The Facts You need to know about Franchises – One option you may wish to consider when looking for a business to start is purchasing a franchise. Buying a franchise can be more expensive than starting a business “from scratch” but the success rate of franchises is generally higher than for startups, as you are investing in a product with a proven track record and the franchisor generally provides training, marketing, support and other services to the franchisee. On the other hand, if you have an established successful business, expanding it into a franchise may be one way to expand.
What is a Franchise?
A franchise is a legal agreement between a franchisor (seller) and the franchisee in which the franchisor grants the franchisee the right to distribute certain goods or services developed by the franchisor in a particular way, in a particular location and for a specified period of time. In return, the franchisee pays the franchisor various fees and royalties. There are several types of franchise arrangements. A business format franchise is what most people think of when they hear the term “franchise.” A franchisee buys the right to market and sell particular products or services. The franchisee buys those rights for a specific time and a defined area by paying the franchisor a franchise fee for the right to use the franchisor’s trademarks and marketing plan.
In some cases the franchisee buys an entire system – buildings, equipment, supplies, bookkeeping, uniforms, training, and so on. The franchisee can often walk in off the street, turn the key in the lock and start the business. This ready-made set-up is also known as a turnkey operation. Fast-food chains are good examples of this kind of franchise.
It should be noted that when you enter a franchise agreement, you are not really buying a business. You are only buying the rights to conduct the business under a franchise agreement for a limited time – usually for 10, 15, or 20 years – with renewal options.
The Facts You need to know about Franchises – Pros and Cons of Buying a Franchise
Pros Buying a Franchise
• Training. Most franchisors offers training to help you establish, run and expand your business.
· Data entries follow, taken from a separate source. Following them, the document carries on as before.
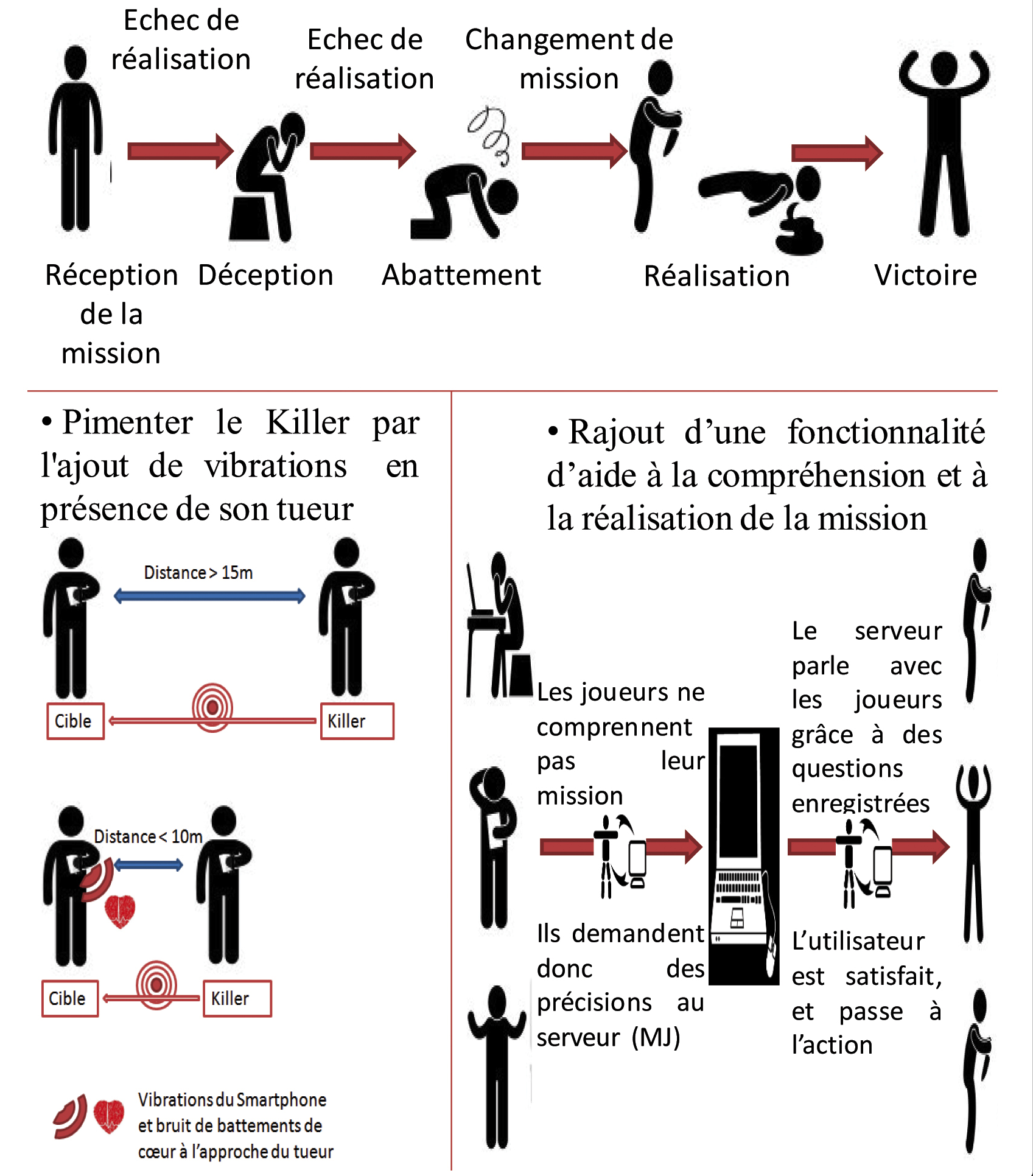 Être attentif à la démotivation, c’est une situation fréquente où l’un des membres arrête de jouer (raisons diverses comme une mission jugée trop difficile) et c’est compliqué de sortir du jeu (il faut tout de même trouver la personne qui doit nous tuer pour le prévenir). Donc il faut pouvoir relancer un joueur ou pouvoir lui donner la possibilité de sortir de la partie sans trop de mal.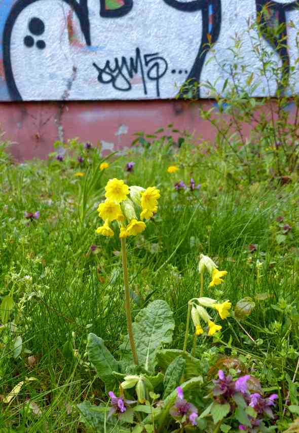 Primula veris am Rande eines Spielplatzes, Schöneberg
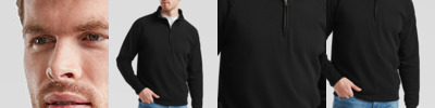 High neck with YKK metal zip. Turtle neck collar with single jersey back neck tape. Covered zip for enhanced printability. Ribbed hem and cuffs, twin-needle stitching detail on neck and armholes. Shape retention.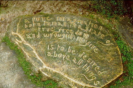The sculptures are carefully sited, some in cul-de-sacs with oval entrances. A frame to see through, a place to pass into, and often a plaque - a thought, a story, a manifesto from the artist.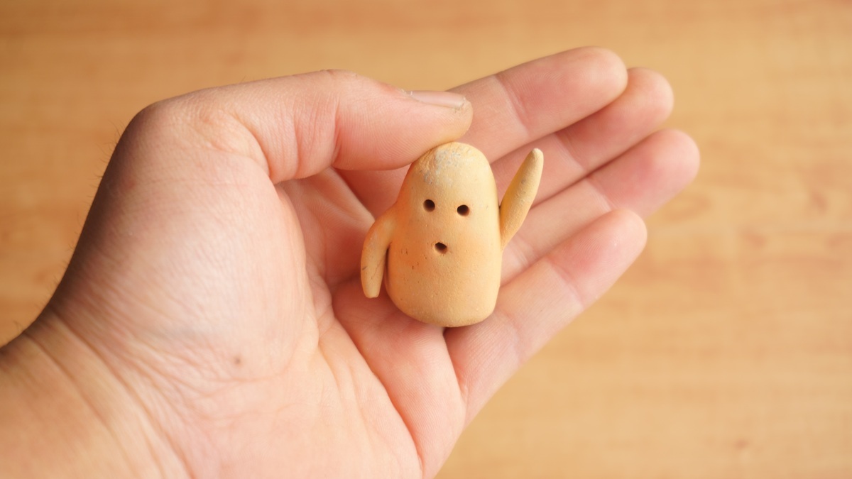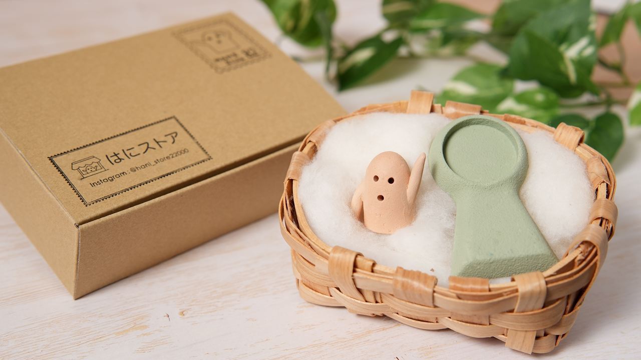 手のひらに収まる小さな埴輪のキャラクター『はにはに』と専用の古墳スタンドのセットになってます。古墳スタンドはお好みのカラーがお選びいただけます。
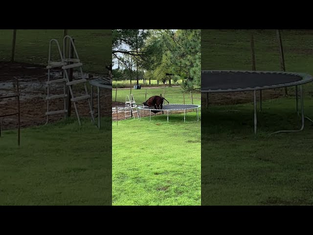 На другом видео настроение пользователям подняла корова, которая каким-то чудом залезла на батут. Зачем она туда взобралась - остается загадкой. Но закончилось приключение для буренки не прыжками, а порванным покрытием. Роликом поделилась хозяйка животного по кличке Типпи - жительница американского города Уиллс Пойнт.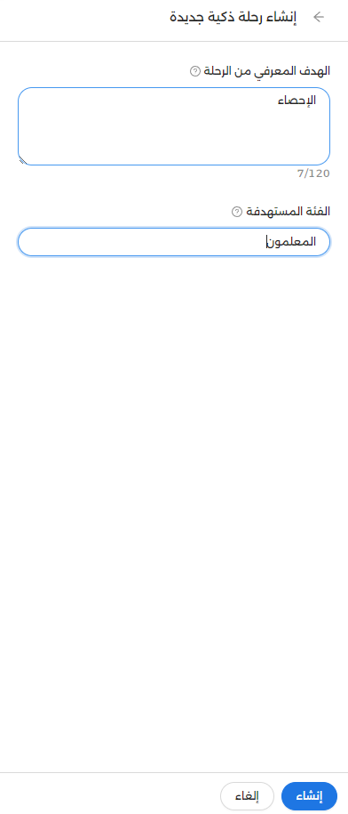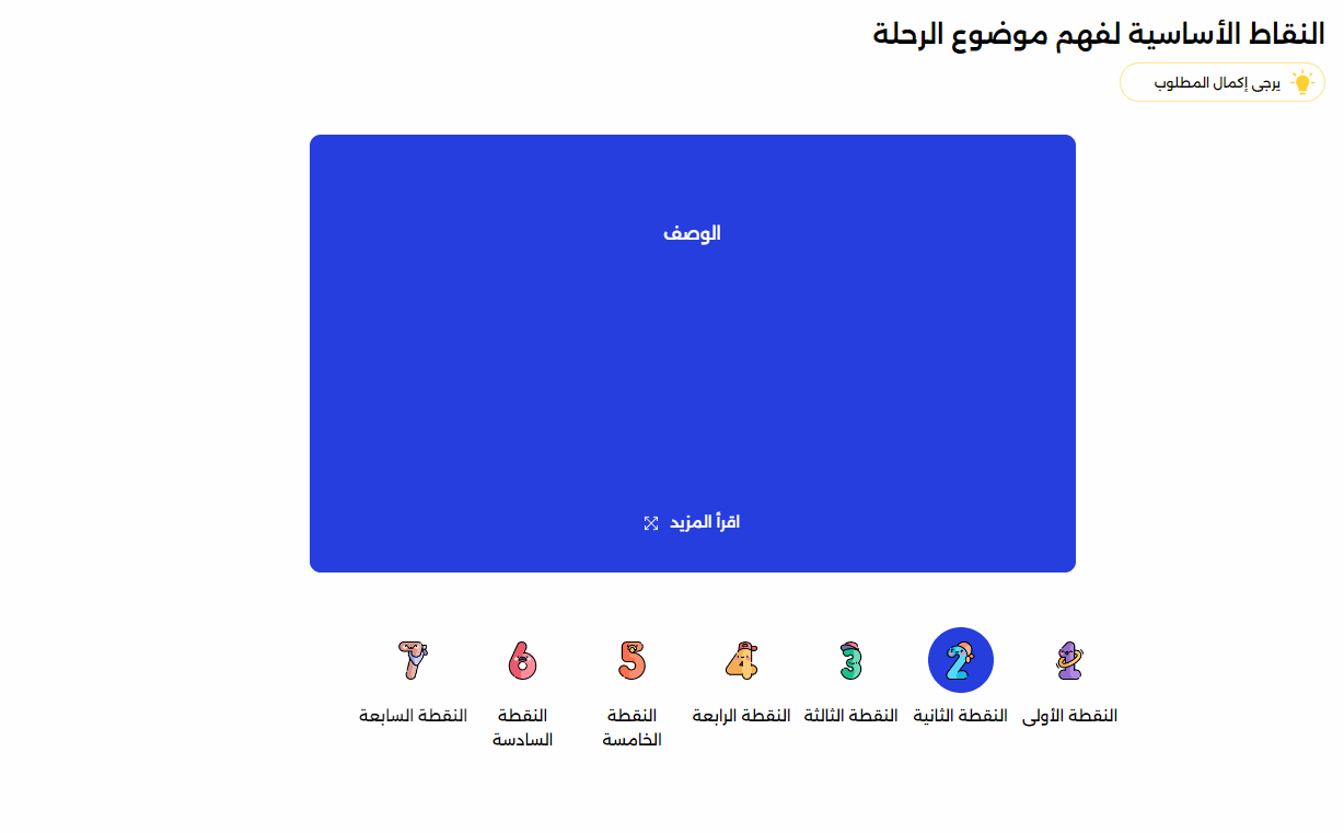 انشيء رحلتك التعليمية في ثوانٍ بالاستعانة بالذكاء الاصطناعي، ما عليك سوى إدخال الهدف المعرفي من رحلتك وتوضيح الفئة المستهدفة من تلك الرحلة، واستمتع برحلة تعليمية عنوانها جاهز، غلافها جاهز، التقييم القبلي والبعدي بها جاهز، وعدة مكونات تفاعلية أخرى جاهزة 🪄
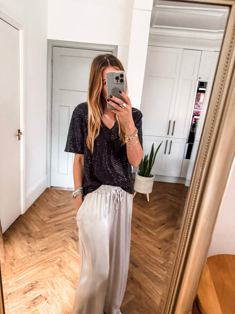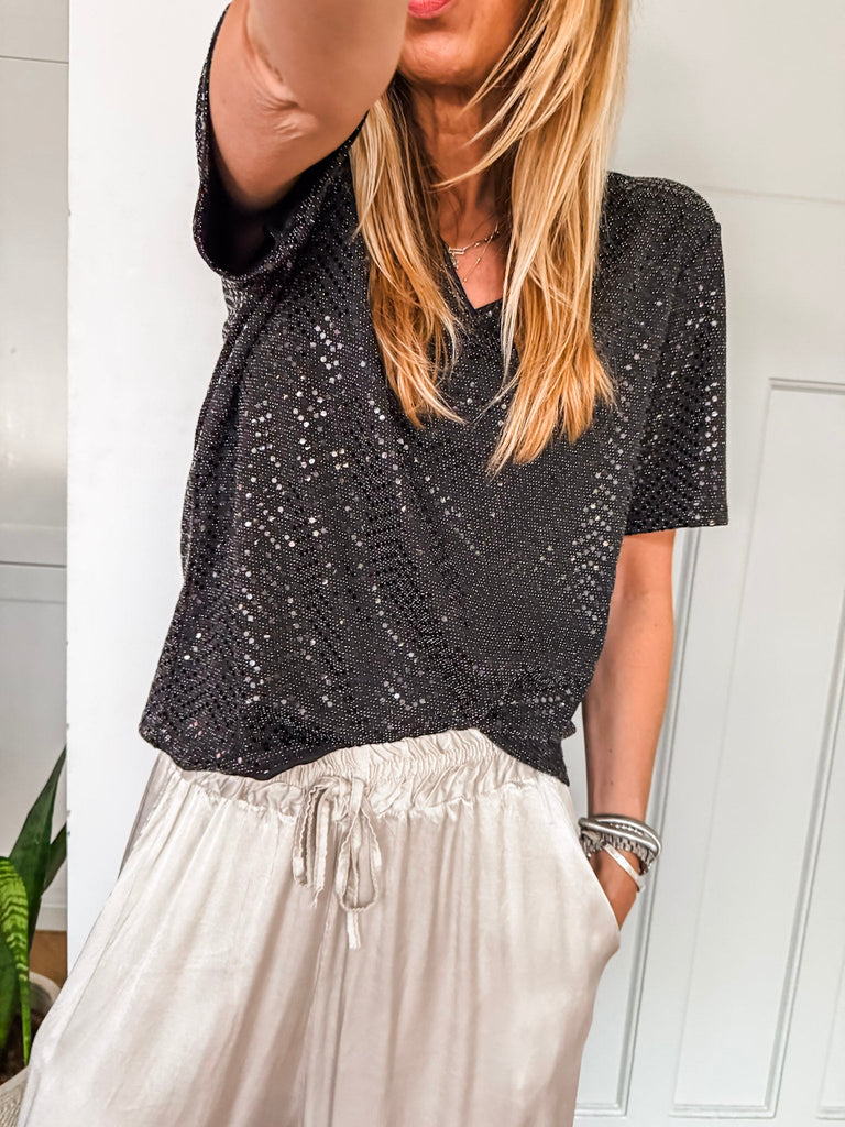 Shine in this ICHI Nelenia Top , designed to catch every eye. With short sleeves, fully lined and a flattering V neckline, it blends comfort with bold style. Perfect for nights out, festivals, or any moment you want to make a statement.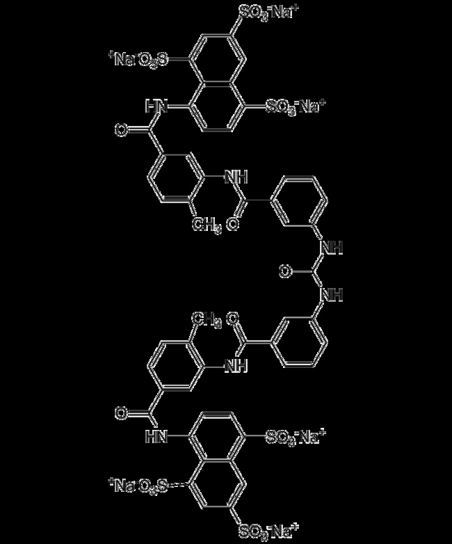 MF: C51H34N6O23S6 . 6Na, MW: 1429.180, ≥98%, Appearance: White to off-white powder. Potent ATPase inhibitor. Potent competitive inhibitor of reverse transcriptase. Shows anti-HIV activity. Anticancer compound. Protein kinase C (PKC) inhibitor.

In general, it is very detailed, covering topics from hiring and training employees to record keeping. A good training will give you thorough knowledge of all aspects of the business without having had years of experience in the field.
• Supervision and consulting. Most franchisors will offer you ongoing advice and updated training, and in many cases they will be available for emergency problem solving.
• Proven products and methods. Good franchises can significantly reduce business risks because of their experience and know-how. In addition, you are able to build on the franchisor’s image and reputation.
• Collective buying power. The franchisors achieve important economies of scale in purchasing, and are able to amass large amounts of money to fund national and regional advertising campaigns.
• Financing. In many cases, franchisors will make financing options available.
• Ongoing research and development. Most franchisors are constantly working on new products, new ideas and new systems. You enjoy the benefits produced by their R&D without having to invest yourself.
Cons Buying a Franchise
• Fees. Franchises are expensive to purchase and there are usually ongoing payments based on sales (royalties), to be paid to the franchisor. The royalty fee, combined with debt service on any financing, may put a drain on the cash flow of the business.
• Other costs. Franchisees will also be responsible for the cost of equipment, merchandise, supplies, rental and lease rates, and required participation in promotional and other support services.
• Loss of independence. It isn’t your name or concept that you will be promoting through your business. Although as a franchisee you manage the day-to-day operations of your business, most franchisors have strict guidelines and regulations that must be adhered to, so in essence you are more a store manager than your own boss. These agreements tend to be quite restrictive, and if you encounter any problem with the franchisor, remember that you are legally bound by your contract to adhere to its operational guidelines.
• The franchisor’s problems are also your problems. If the franchisor hits hard times, you’ll most likely feel them as well. You are inevitably tied to the franchisor, not only by contract, but by concept, name, product, and services sold.
• Limited expansion possibilities. While many small retailers own multiple units of a particular franchise and/or multiple franchises, your ability to expand is limited by the franchisor.
• Work, work, work. Any retail business will require a significant commitment of time and effort, and franchising is certainly not unique in this respect. Some of your time will be devoted to activities related to the franchisor’s requirements, such as special reporting or strict hours of operation.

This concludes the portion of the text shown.